Диспуты о языке богослужения чаще всего проходят в теоретической плоскости. Перевод сделает службу приземленной, на обыденном или разговорном языке славить Всевышнего – недостойно, считают сторонники церковно-славянского языка. Дискуссии на эту тему бесполезны, подобные утверждения можно проверять только практикой.

В храме Преображения Господня на киевских Теремках некоторые части службы уже давно служат по-украински. Буквально недавно – вечером 8 марта мы с другом молились там на литургии Преждеосвященных Даров. Друзья меня потом спрашивали: как впечатления? За те 12 лет, что хожу в церковь, я успел привыкнуть к церковно-славянскому, но я не почувствовал ни капли смущения, когда прокимны перед чтением Апостола канонарх стал возглашать по-украински. Потом и сам Апостол, и Евангелие читали по-украински. Почему-то все это не резало слух. В общине святой Екатерины, которая служит на Куреневке, некоторые службы проходят на трех языках: церковно-славянском, греческом и украинском. Служба от этого не становится более приземленной.

Украинский – не родной мне язык, хотя и знаком с детства. Но я не понимаю, почему нужно лишать украинцев права молиться на родном языке. Все разговоры о том, что службу нельзя переводить – от непонимания того, кому эта служба нужна. Богу? Разве Он Сам не является в Себе источником всякого блага? Очевидно, что она нужна людям. Тогда необходимость перевода очевидна.

Тем более, что язык молитвы – вопрос второстепенный. «Миллионы людей молились и молятся Богу, и всех их слышит Бог. Не только слышит, но и понимает. И понимает не потому, что Он — полиглот, не потому, что знает все человеческие языки со всеми их наречиями и произношением. Не потому... Язык сердца нашего знает Бог. В этом языке нет подлежащих и сказуемых, причастий и наречий, запятых и кавычек. Но в нём есть то, чем живёт человек: вера, тревога, радость, страх, сострадание. Всё это видит и понимает Бог», - пишет замечательный современный проповедник протоиерей Андрей Ткачев.

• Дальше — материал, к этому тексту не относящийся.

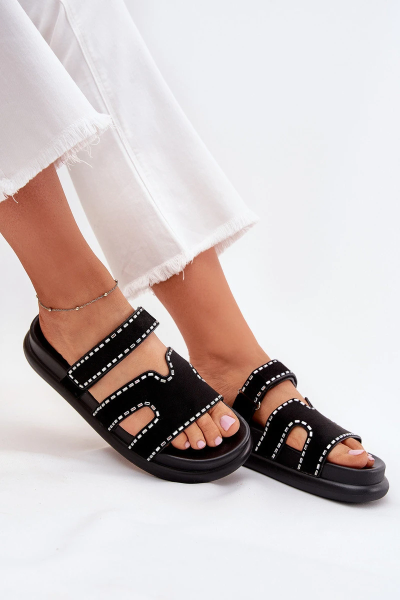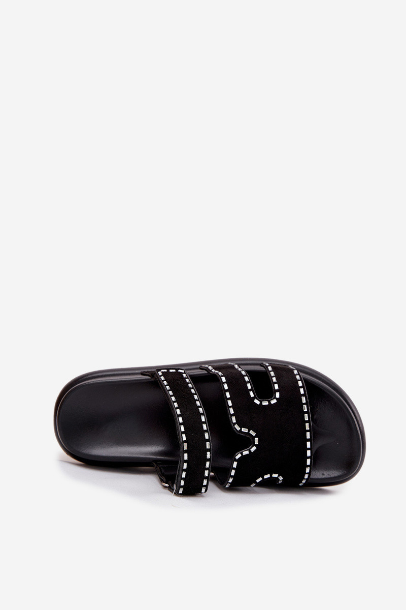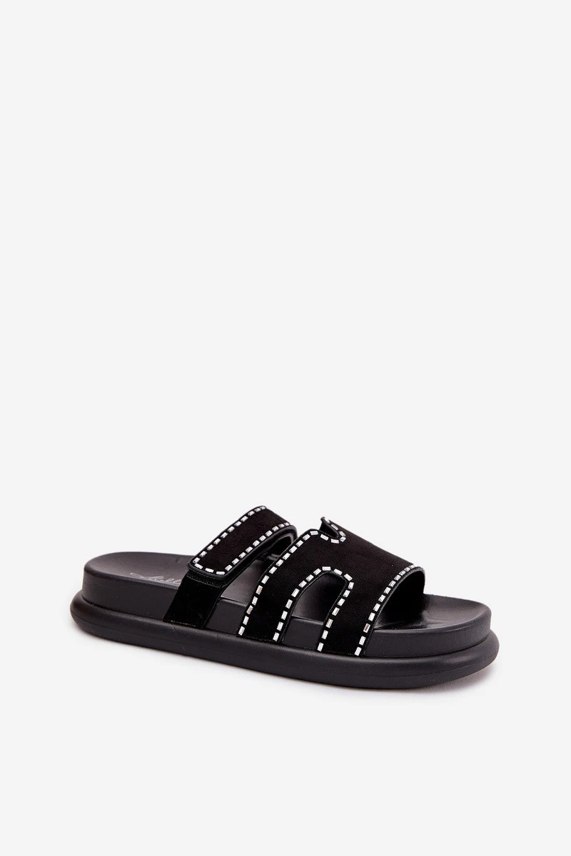 Dámské pantofle vyrobené z eko semiše. Umístěny na platformě. Ozdobení jim dodává jemný charakter a pásek se suchým zipem umožňuje snadné přizpůsobení noze, což zaručuje komfort po celý den. Skvělé na letní dny, skvěle se hodí k neformálním a každodenním stylizacím. Při výběru velikosti se řiďte tabulkou velikostí.

Аргумент о том, что язык общения с Богом должен быть иным, чем язык нашего повседневного общения, отдает какой-то интеллектуальной ленью. Как будто вся наша жизнь состоит из двух полюсов – церковно-славянского и языка пьяных скандалов. Наша обыденная речь далеко ушла от литературного русского языка, как суржик не похож на поэзию Лины Костенко. Говорят, вопрос в том, где найти качественные переводы? Почитайте, хотя бы, как переводил Сергей Аверинцев, какие стихи писал Иосиф Бродский о Рождестве и Сретении, как Александр Пушкин поэтично пересказал молитву Ефрема Сирина.

Необорной Воеводе песнь победную,
Избавительнице града речь хвалебную,
Мы в весельи воспеваем, Богородица!
Но, Владычице, всемощная, предивная,
Отвращай от нас напасти, чтобы в мире нам
Воспевать Тебе:
Радуйся, Невесто неневестная!

- так Сергей Аверинцев перевел известный гимн средневекового поэта Романа Сладкопевца.

Есть много других примеров: Херувимскую песнь перевел архиепископ Ионафан (Елецких), и в этом переводе нет ничего от разговорного стиля. Есть хороший перевод Псалтири иеромонаха Амвросия (Тимрота). Когда священник вместо «Горе имеим сердца» возглашает: «Вознесем ввысь сердца наши», - то здесь тоже я не вижу ничего обыденного. Я привожу лишь несколько примеров со своей книжной полки. Уверен, что люди, более серьезно занимающиеся переводами, приведут еще с десяток фамилий талантливых переводчиков.

Доводы, что, мол, с переводом службы мы потеряем что-то важное, разбиваются об один простой вопрос: что мы тогда вообще имеем, если боимся потерять, общаясь с Богом на родом языке? Да, это может кого-то смутить. Что вы говорите, это вызовет новый раскол? Тогда он есть уже сейчас, просто временно не оформлен документально.

И последний вопрос: перевод, как мне кажется, нужен вовсе не для того, чтобы привлечь в храмы тех людей, которые упрекают церковь в непонятной службе. Канон Андрея Критского не станет понятнее даже в самом лучшем переложении. Перевод нужен прежде всего самим церковным людям. Чтобы воцерковить свою жизнь, сделать ближе к Богу свои мысли и поступки. Да, это нужно не всем, да, кто-то может спастись и без этого. Но я лично хочу «петь Богу разумно», то есть так, чтобы, молясь, не переводить в уме каждое слово. Можно бояться того, что мы чем-то унизим службу, а можно надеяться на то, что чем-то возвысим себя. Да и что это значит – унизить и приземлить службу? Разве можно так ставить вопрос в религии, Основатель которой умывал ноги Своим ученикам?